Exercise aim |
Copy the entries below word for word, but omit any pictures they contain.

Dataset |
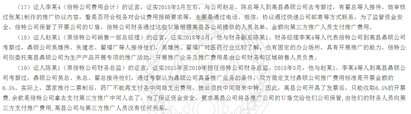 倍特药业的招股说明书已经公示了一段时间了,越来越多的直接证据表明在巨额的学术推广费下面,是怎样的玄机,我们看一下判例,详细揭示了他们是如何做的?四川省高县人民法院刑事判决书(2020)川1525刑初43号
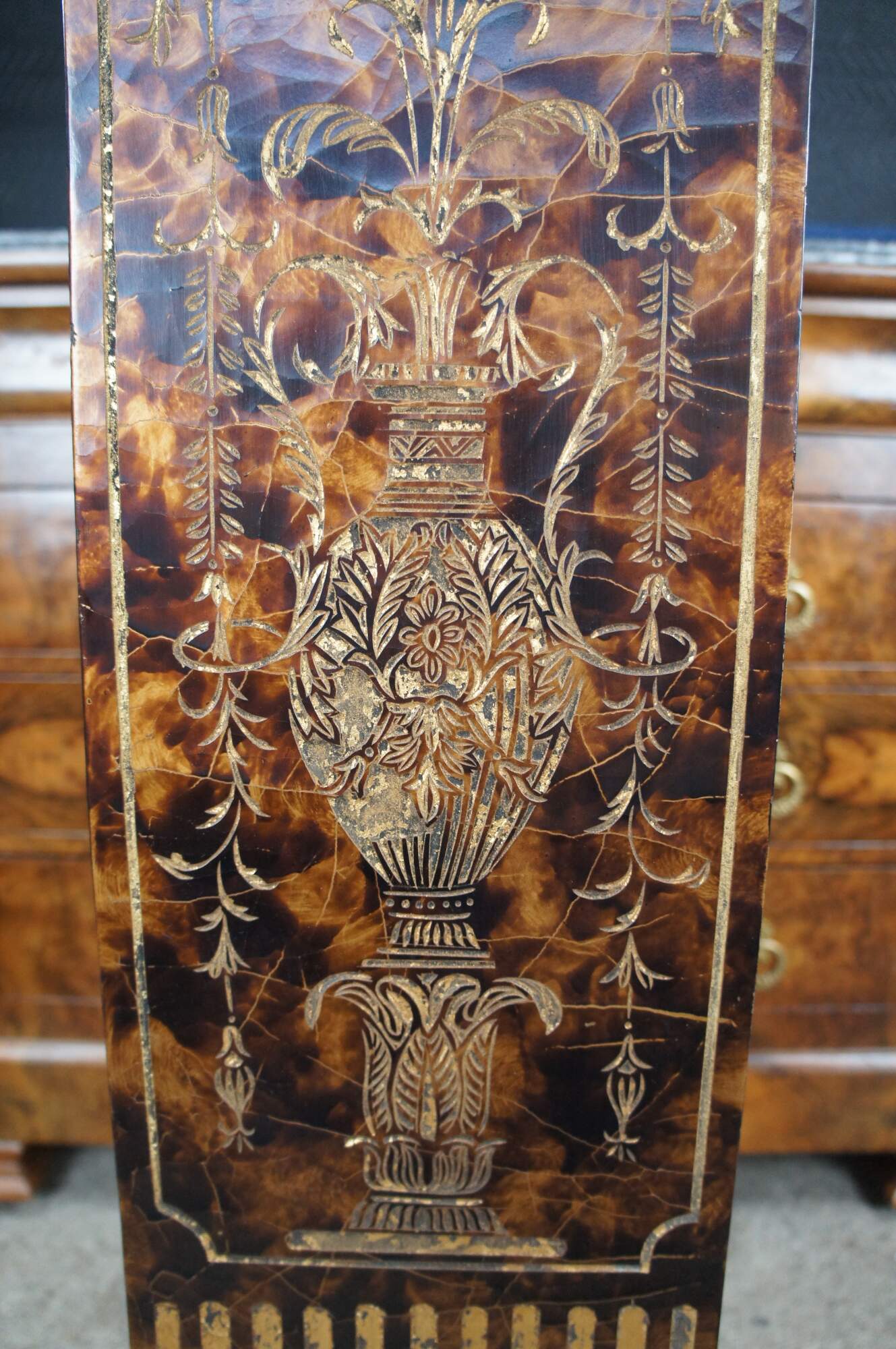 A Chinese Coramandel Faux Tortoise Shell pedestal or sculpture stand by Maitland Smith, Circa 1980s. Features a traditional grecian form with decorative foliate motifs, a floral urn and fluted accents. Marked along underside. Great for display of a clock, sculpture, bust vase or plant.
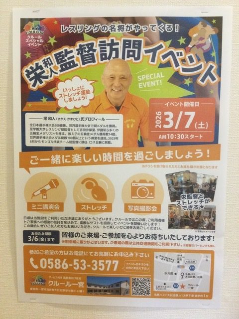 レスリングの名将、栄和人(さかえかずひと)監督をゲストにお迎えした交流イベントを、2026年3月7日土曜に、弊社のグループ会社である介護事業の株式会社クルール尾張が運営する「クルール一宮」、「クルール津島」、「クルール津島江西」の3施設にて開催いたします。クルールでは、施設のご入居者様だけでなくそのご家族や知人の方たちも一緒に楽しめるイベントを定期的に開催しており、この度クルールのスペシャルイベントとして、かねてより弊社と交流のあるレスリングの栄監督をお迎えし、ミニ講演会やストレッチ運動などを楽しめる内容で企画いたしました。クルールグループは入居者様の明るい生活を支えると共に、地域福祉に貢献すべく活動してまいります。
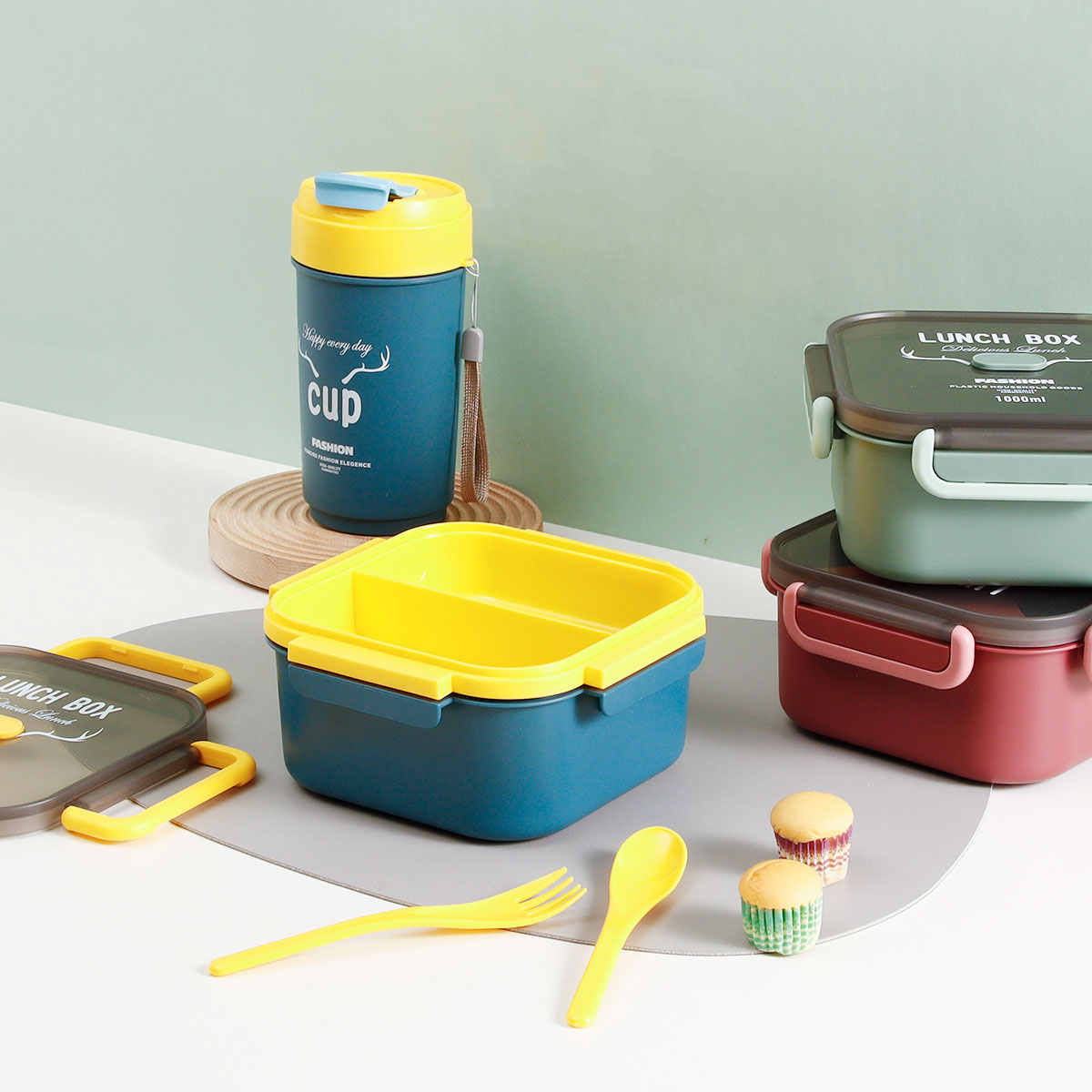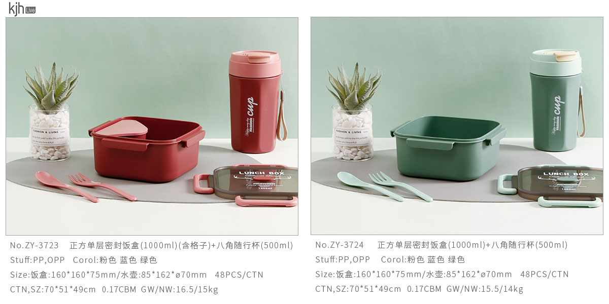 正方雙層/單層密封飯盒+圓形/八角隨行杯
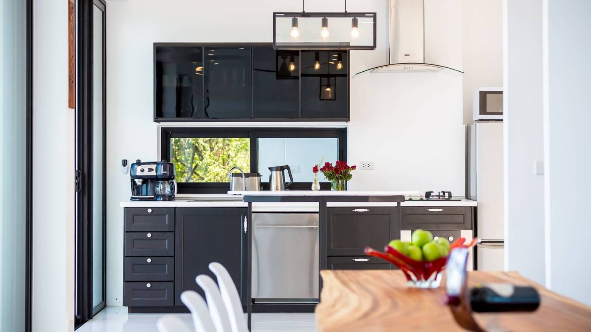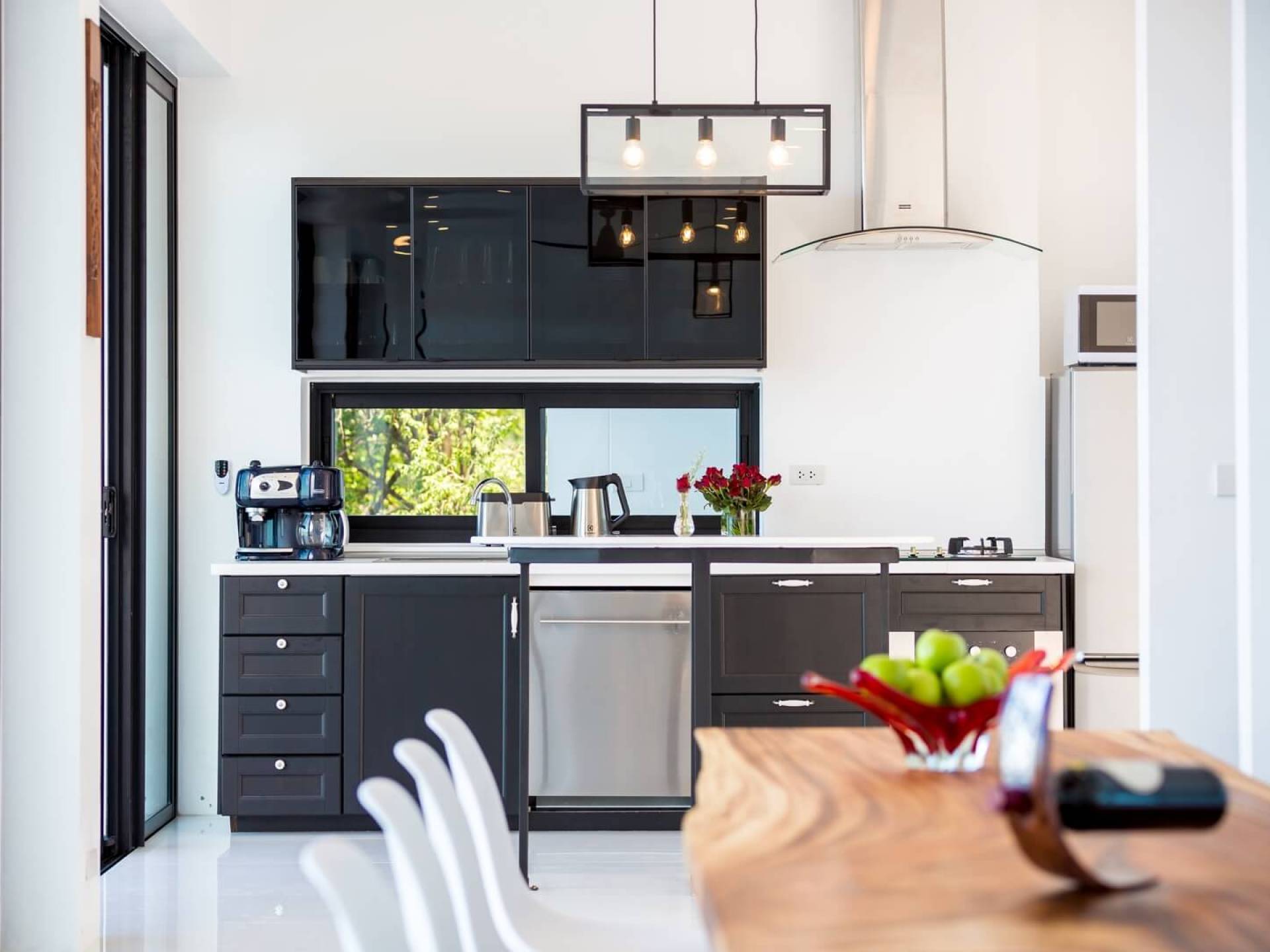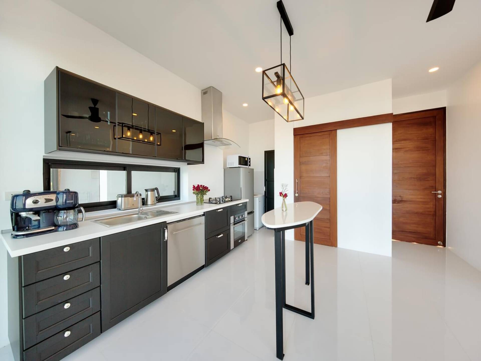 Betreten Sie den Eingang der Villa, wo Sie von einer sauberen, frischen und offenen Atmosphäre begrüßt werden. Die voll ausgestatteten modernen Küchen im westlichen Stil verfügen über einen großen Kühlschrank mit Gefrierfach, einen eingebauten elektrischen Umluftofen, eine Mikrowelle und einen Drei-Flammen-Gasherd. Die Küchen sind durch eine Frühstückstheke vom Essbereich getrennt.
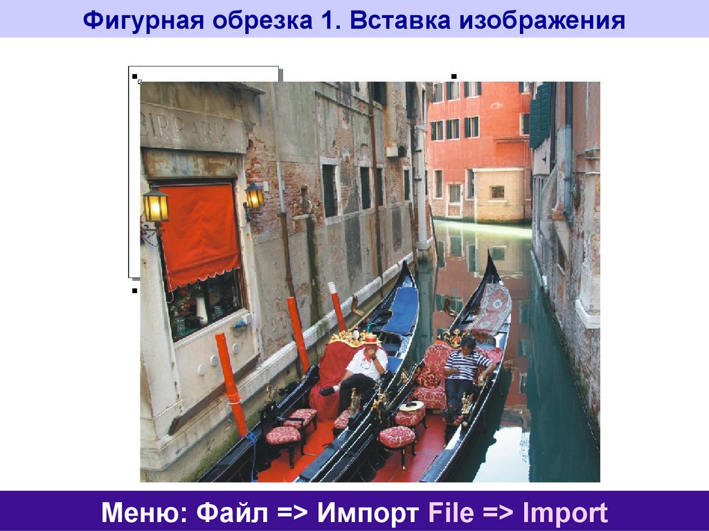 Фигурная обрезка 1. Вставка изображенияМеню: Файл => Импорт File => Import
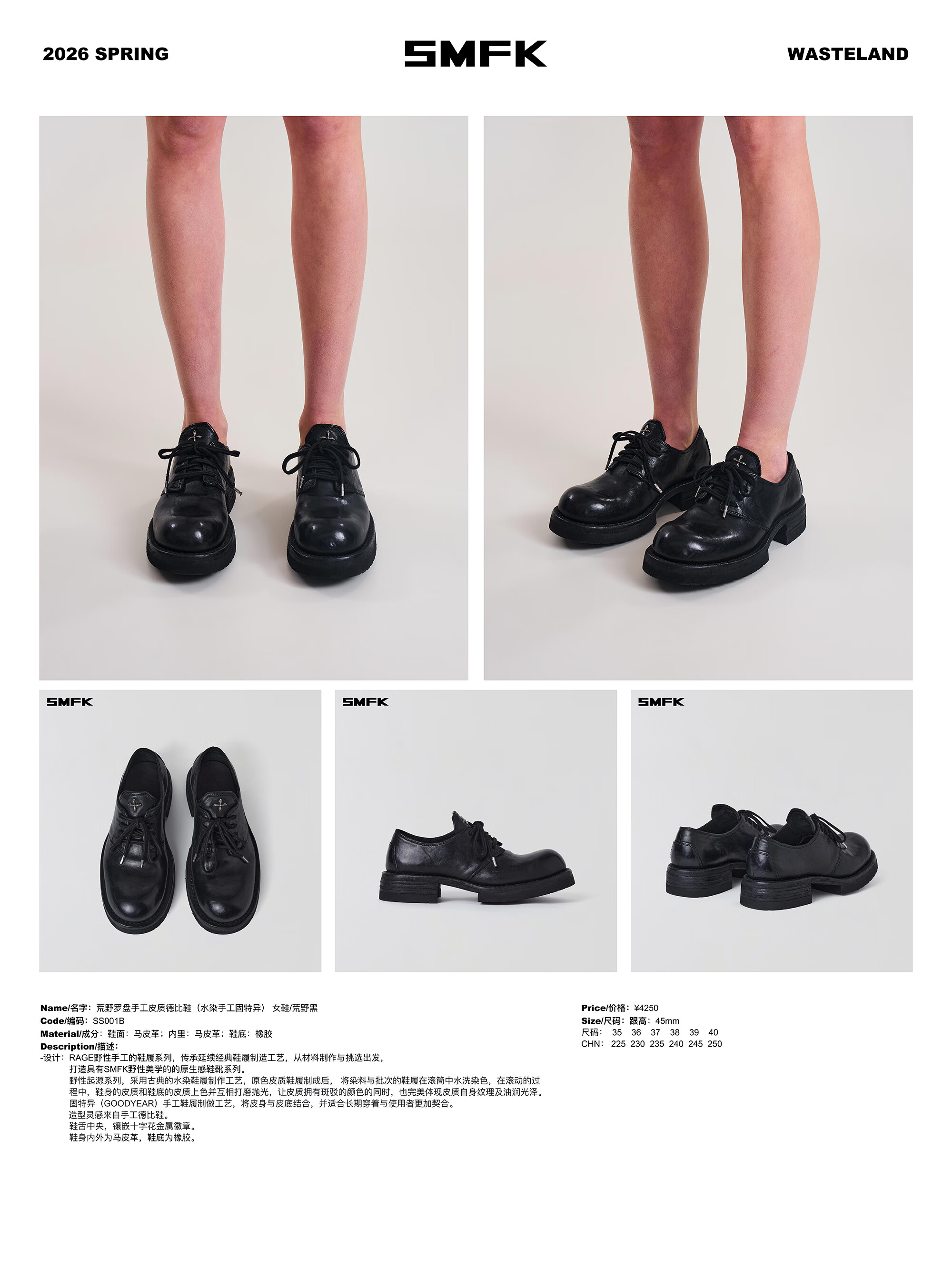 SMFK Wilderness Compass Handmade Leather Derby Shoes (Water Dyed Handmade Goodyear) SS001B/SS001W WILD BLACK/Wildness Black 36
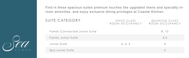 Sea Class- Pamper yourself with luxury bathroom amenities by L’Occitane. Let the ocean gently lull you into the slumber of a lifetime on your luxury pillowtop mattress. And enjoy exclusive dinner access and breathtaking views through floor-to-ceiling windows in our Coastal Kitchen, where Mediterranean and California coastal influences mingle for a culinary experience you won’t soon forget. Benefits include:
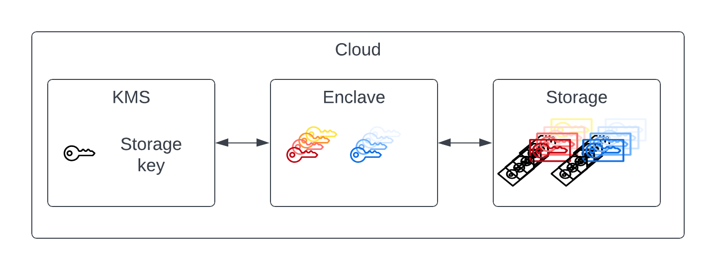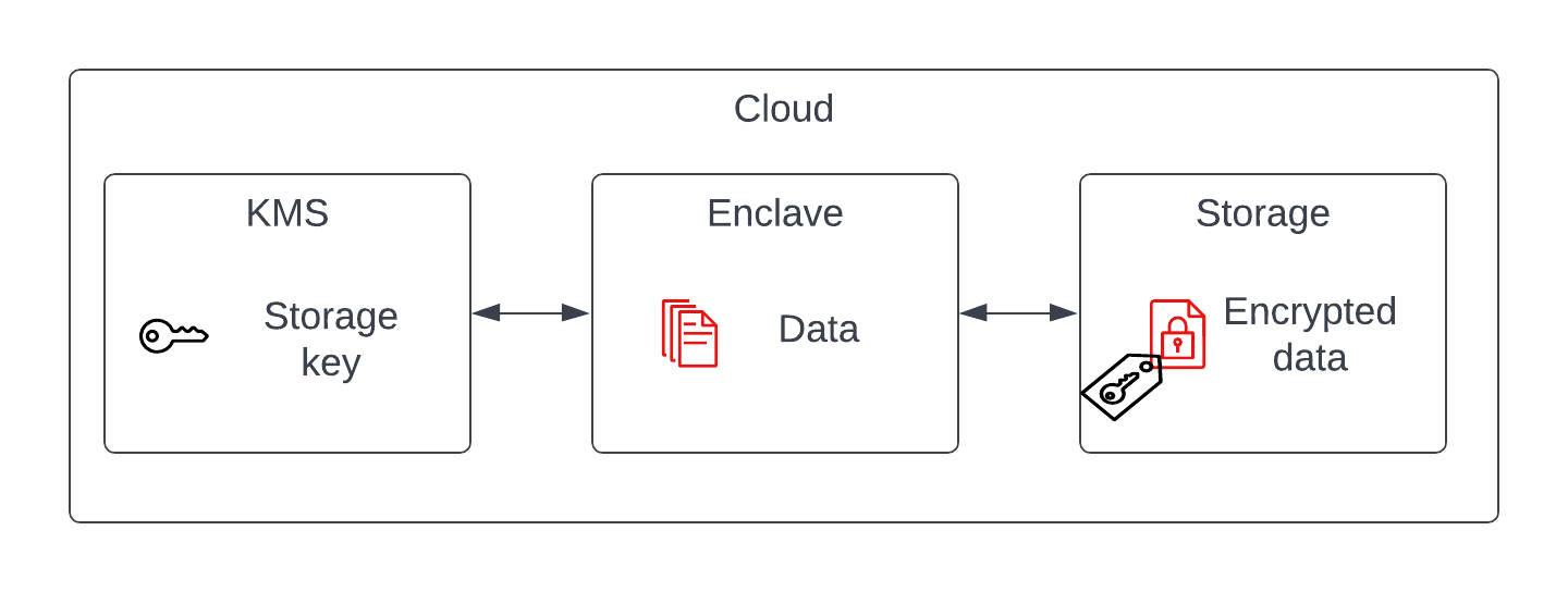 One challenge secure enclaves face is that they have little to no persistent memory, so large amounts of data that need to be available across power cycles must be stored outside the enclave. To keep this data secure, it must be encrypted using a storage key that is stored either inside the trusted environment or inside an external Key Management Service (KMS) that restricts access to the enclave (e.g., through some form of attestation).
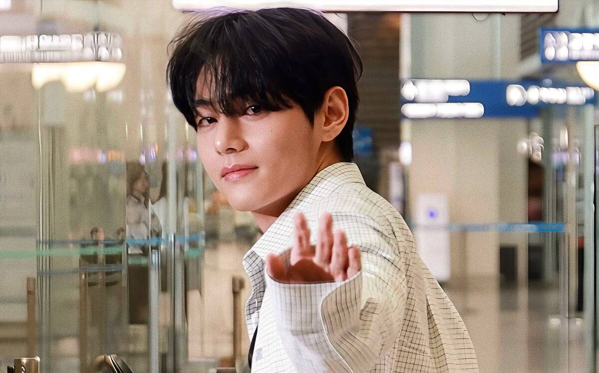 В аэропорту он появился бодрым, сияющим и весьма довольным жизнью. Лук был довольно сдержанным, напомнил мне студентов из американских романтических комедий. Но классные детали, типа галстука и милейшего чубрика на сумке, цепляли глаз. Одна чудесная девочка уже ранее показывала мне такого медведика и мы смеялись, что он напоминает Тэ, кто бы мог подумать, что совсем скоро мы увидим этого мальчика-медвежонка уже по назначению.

Answer below |
 倍特药业的招股说明书已经公示了一段时间了,越来越多的直接证据表明在巨额的学术推广费下面,是怎样的玄机,我们看一下判例,详细揭示了他们是如何做的?四川省高县人民法院刑事判决书(2020)川1525刑初43号
 A Chinese Coramandel Faux Tortoise Shell pedestal or sculpture stand by Maitland Smith, Circa 1980s. Features a traditional grecian form with decorative foliate motifs, a floral urn and fluted accents. Marked along underside. Great for display of a clock, sculpture, bust vase or plant.
 レスリングの名将、栄和人(さかえかずひと)監督をゲストにお迎えした交流イベントを、2026年3月7日土曜に、弊社のグループ会社である介護事業の株式会社クルール尾張が運営する「クルール一宮」、「クルール津島」、「クルール津島江西」の3施設にて開催いたします。クルールでは、施設のご入居者様だけでなくそのご家族や知人の方たちも一緒に楽しめるイベントを定期的に開催しており、この度クルールのスペシャルイベントとして、かねてより弊社と交流のあるレスリングの栄監督をお迎えし、ミニ講演会やストレッチ運動などを楽しめる内容で企画いたしました。クルールグループは入居者様の明るい生活を支えると共に、地域福祉に貢献すべく活動してまいります。
 正方雙層/單層密封飯盒+圓形/八角隨行杯
 Betreten Sie den Eingang der Villa, wo Sie von einer sauberen, frischen und offenen Atmosphäre begrüßt werden. Die voll ausgestatteten modernen Küchen im westlichen Stil verfügen über einen großen Kühlschrank mit Gefrierfach, einen eingebauten elektrischen Umluftofen, eine Mikrowelle und einen Drei-Flammen-Gasherd. Die Küchen sind durch eine Frühstückstheke vom Essbereich getrennt.
 Фигурная обрезка 1. Вставка изображенияМеню: Файл => Импорт File => Import
 SMFK Wilderness Compass Handmade Leather Derby Shoes (Water Dyed Handmade Goodyear) SS001B/SS001W WILD BLACK/Wildness Black 36
 Sea Class- Pamper yourself with luxury bathroom amenities by L’Occitane. Let the ocean gently lull you into the slumber of a lifetime on your luxury pillowtop mattress. And enjoy exclusive dinner access and breathtaking views through floor-to-ceiling windows in our Coastal Kitchen, where Mediterranean and California coastal influences mingle for a culinary experience you won’t soon forget. Benefits include:
 One challenge secure enclaves face is that they have little to no persistent memory, so large amounts of data that need to be available across power cycles must be stored outside the enclave. To keep this data secure, it must be encrypted using a storage key that is stored either inside the trusted environment or inside an external Key Management Service (KMS) that restricts access to the enclave (e.g., through some form of attestation).
 В аэропорту он появился бодрым, сияющим и весьма довольным жизнью. Лук был довольно сдержанным, напомнил мне студентов из американских романтических комедий. Но классные детали, типа галстука и милейшего чубрика на сумке, цепляли глаз. Одна чудесная девочка уже ранее показывала мне такого медведика и мы смеялись, что он напоминает Тэ, кто бы мог подумать, что совсем скоро мы увидим этого мальчика-медвежонка уже по назначению.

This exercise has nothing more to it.